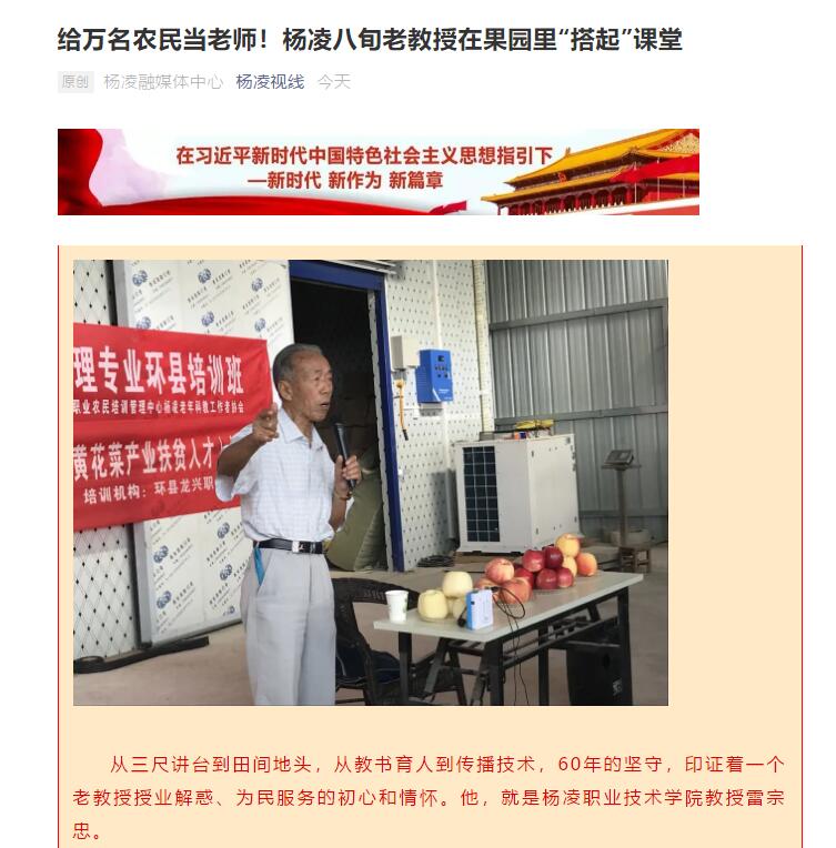 从三尺讲台到田间地头,从教书育人到传播技术,60年的坚守,印证着一个老教授授业解惑、为民服务的初心和情怀。他,就是杨凌职业技术学院教授雷宗忠。
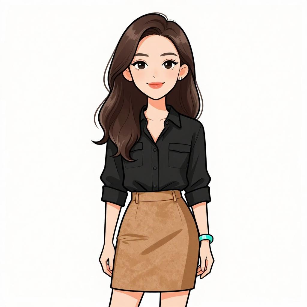 Illustration of a woman with long wavy brown hair and a pretty face, smiling. She is wearing a casual chic outfit consisting of a black button-up blouse with two front pockets and rolled-up sleeves, paired with a tan A-line suede skirt that sits at the waist. She accessorizes with a large turquoise cuff bracelet on her right wrist and minimal makeup, presenting a modern and elegant look.
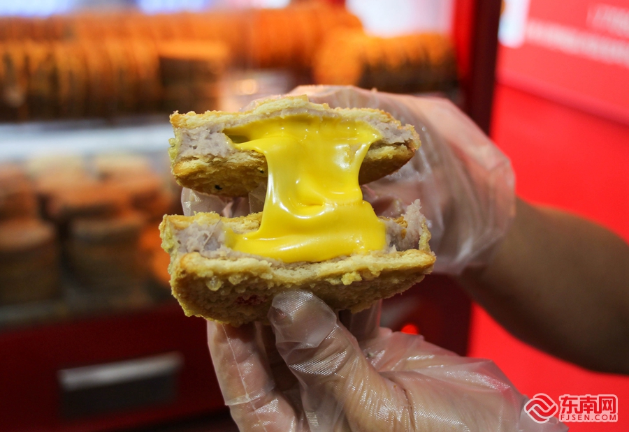 芋泥在泉州饮食文化中占有重要的地位,是许多传统美食的主要原料。在泉州,芋泥被广泛用于制作各种美食,而芋头饼便是其中之一,泉州芋头饼的传承历史悠久,许多家庭代代相传,将其作为传统手艺和美食文化的一部分。随着时间的推移,一些知名的芋头饼商家如“坤记芋头饼”逐渐崭露角,以其独特的口感和制作工艺赢得了广大食客的喜爱。厚厚的芋泥夹在薄脆的饼干间,裹满秘制面糊,放入油锅中稍稍炸制金黄捞出,这便是芋头饼。
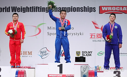 | △ 북한 역도 엄윤철(가운데)이 2013년 10월 폴란드에서 열린 세계역도선수권대회 남자 56 kg급 경기에서 금메달을 딴 뒤 시상대에 올라 있다. <<연합뉴스DB>> |
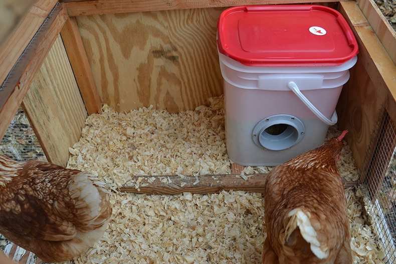 Одним из главных условий к обустройству места приема пищи является его устойчивость. Конструкции, устанавливаемые на полу, в основном достаточно устойчивы, но их доступность позволяет птицам забираться внутрь и непродуктивно разбрасывать корм.
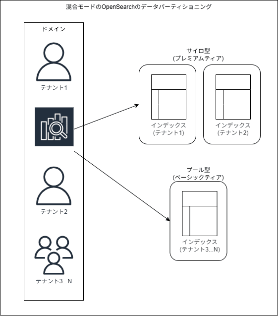 OpenSearchでは下図のような構造でテナントデータを保存及び管理することになります。
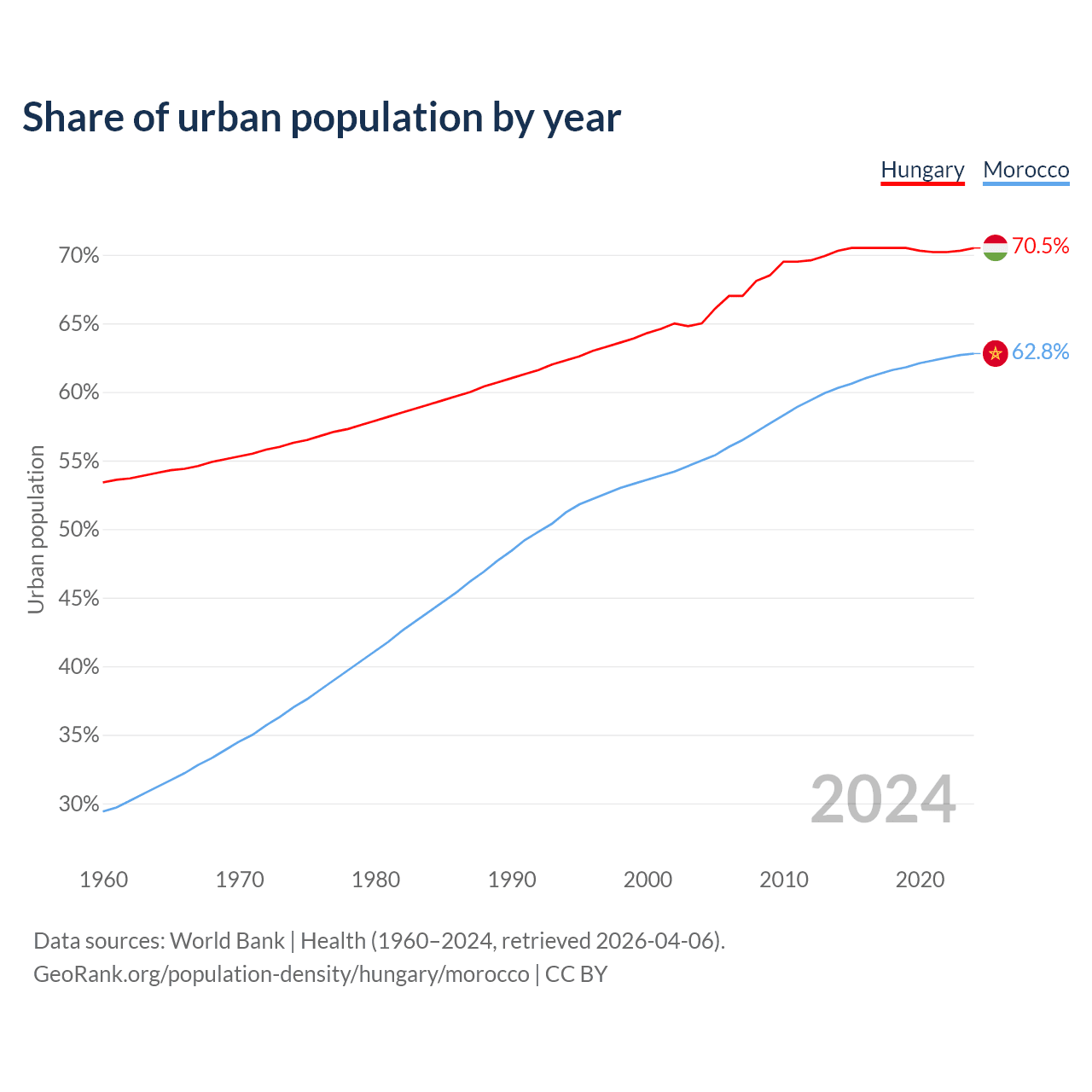 From 2004 to 2024, the share of urban population changed from 65% to 70.5% in Hungary and from 55% to 62.8% in Morocco.
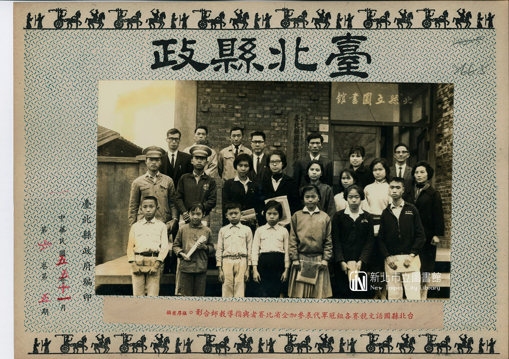 照片為民國55年(1966)11月由張厚甫先生所拍攝,圖中人物為本屆參加台北縣國語文競賽知各組冠軍代表,於比賽結束後,與指導教師於台北縣立圖書館門口合影,當時的圖書館館址位於台北縣板橋鎮文昌街上,為民國52年(1963)興建完工後啟用的新館舍。
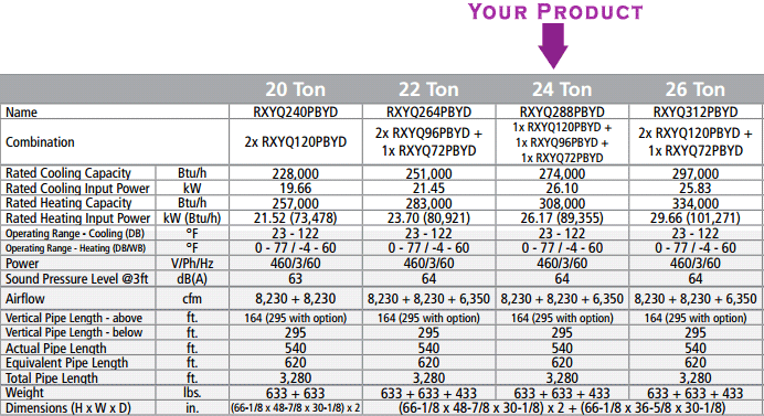 RXYQ288PBYD Daikin VRV Outdoor Unit 24 TON 430V cool and heat air conditioner condensing unit
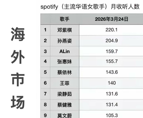 当我们谈论“热度”时,它早已不是一个模糊的概念。 它被量化成Spotify的月听众数、巡演的票房美元、演唱会门票的售罄秒数、短视频平台的粉丝增量、以及社交媒体上的话题阅读量。 在这个数据为王的时代,每一位歌手的位置都被清晰地标注。 有人凭借无短板的综合实力登顶封王,有人依靠时代情怀构筑起坚固的城池,也有人正以惊人的速度向上攀升,试图改写游戏的规则。 这场关于华语乐坛女歌手热度的讨论,没有终点,只有不断刷新的数据和下一个即将到来的名场面。

==============================

What the task requires:
Repeat the material above word for word and skip every image in it.

Exercise result:
 从三尺讲台到田间地头,从教书育人到传播技术,60年的坚守,印证着一个老教授授业解惑、为民服务的初心和情怀。他,就是杨凌职业技术学院教授雷宗忠。
 Illustration of a woman with long wavy brown hair and a pretty face, smiling. She is wearing a casual chic outfit consisting of a black button-up blouse with two front pockets and rolled-up sleeves, paired with a tan A-line suede skirt that sits at the waist. She accessorizes with a large turquoise cuff bracelet on her right wrist and minimal makeup, presenting a modern and elegant look.
 芋泥在泉州饮食文化中占有重要的地位,是许多传统美食的主要原料。在泉州,芋泥被广泛用于制作各种美食,而芋头饼便是其中之一,泉州芋头饼的传承历史悠久,许多家庭代代相传,将其作为传统手艺和美食文化的一部分。随着时间的推移,一些知名的芋头饼商家如“坤记芋头饼”逐渐崭露角,以其独特的口感和制作工艺赢得了广大食客的喜爱。厚厚的芋泥夹在薄脆的饼干间,裹满秘制面糊,放入油锅中稍稍炸制金黄捞出,这便是芋头饼。
 | △ 북한 역도 엄윤철(가운데)이 2013년 10월 폴란드에서 열린 세계역도선수권대회 남자 56 kg급 경기에서 금메달을 딴 뒤 시상대에 올라 있다. <<연합뉴스DB>> |
 Одним из главных условий к обустройству места приема пищи является его устойчивость. Конструкции, устанавливаемые на полу, в основном достаточно устойчивы, но их доступность позволяет птицам забираться внутрь и непродуктивно разбрасывать корм.
 OpenSearchでは下図のような構造でテナントデータを保存及び管理することになります。
 From 2004 to 2024, the share of urban population changed from 65% to 70.5% in Hungary and from 55% to 62.8% in Morocco.
 照片為民國55年(1966)11月由張厚甫先生所拍攝,圖中人物為本屆參加台北縣國語文競賽知各組冠軍代表,於比賽結束後,與指導教師於台北縣立圖書館門口合影,當時的圖書館館址位於台北縣板橋鎮文昌街上,為民國52年(1963)興建完工後啟用的新館舍。
 RXYQ288PBYD Daikin VRV Outdoor Unit 24 TON 430V cool and heat air conditioner condensing unit
 当我们谈论“热度”时,它早已不是一个模糊的概念。 它被量化成Spotify的月听众数、巡演的票房美元、演唱会门票的售罄秒数、短视频平台的粉丝增量、以及社交媒体上的话题阅读量。 在这个数据为王的时代,每一位歌手的位置都被清晰地标注。 有人凭借无短板的综合实力登顶封王,有人依靠时代情怀构筑起坚固的城池,也有人正以惊人的速度向上攀升,试图改写游戏的规则。 这场关于华语乐坛女歌手热度的讨论,没有终点,只有不断刷新的数据和下一个即将到来的名场面。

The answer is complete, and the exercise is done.